SUPPLIED INFORMATION:

------------------------------------------------------------

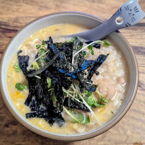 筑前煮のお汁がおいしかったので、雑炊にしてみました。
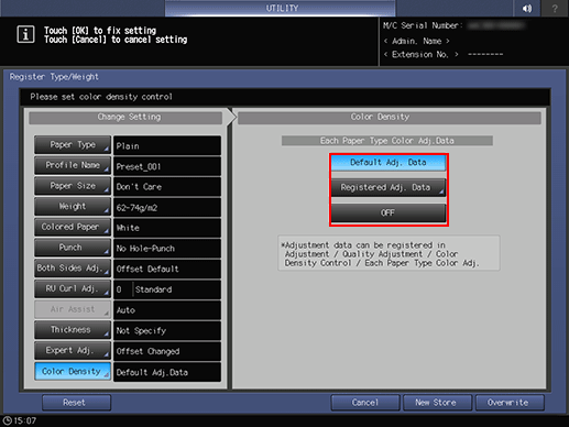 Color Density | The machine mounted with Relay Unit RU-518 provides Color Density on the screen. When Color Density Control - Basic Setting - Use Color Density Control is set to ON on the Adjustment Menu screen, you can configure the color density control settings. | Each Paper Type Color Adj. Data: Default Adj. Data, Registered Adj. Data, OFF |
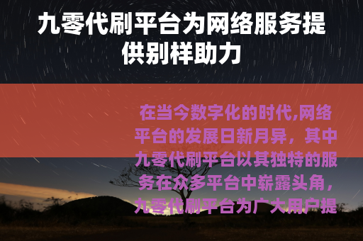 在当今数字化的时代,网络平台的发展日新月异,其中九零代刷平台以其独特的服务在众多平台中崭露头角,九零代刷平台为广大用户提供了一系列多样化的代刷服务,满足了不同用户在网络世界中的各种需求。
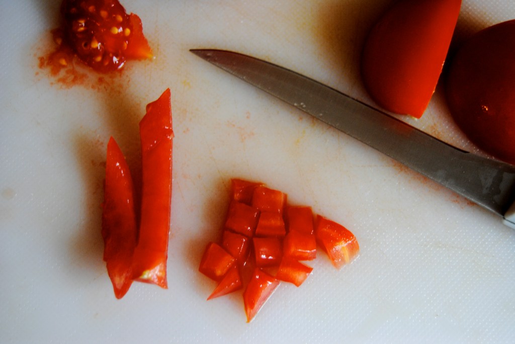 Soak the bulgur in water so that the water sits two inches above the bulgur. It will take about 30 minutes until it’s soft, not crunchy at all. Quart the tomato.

------------------------------------------------------------

WHAT TO WORK ON: A verbatim copy of the data, with all pictures omitted, is the required output.

ANSWER BOX:
 筑前煮のお汁がおいしかったので、雑炊にしてみました。
 Color Density | The machine mounted with Relay Unit RU-518 provides Color Density on the screen. When Color Density Control - Basic Setting - Use Color Density Control is set to ON on the Adjustment Menu screen, you can configure the color density control settings. | Each Paper Type Color Adj. Data: Default Adj. Data, Registered Adj. Data, OFF |
 在当今数字化的时代,网络平台的发展日新月异,其中九零代刷平台以其独特的服务在众多平台中崭露头角,九零代刷平台为广大用户提供了一系列多样化的代刷服务,满足了不同用户在网络世界中的各种需求。
 Soak the bulgur in water so that the water sits two inches above the bulgur. It will take about 30 minutes until it’s soft, not crunchy at all. Quart the tomato.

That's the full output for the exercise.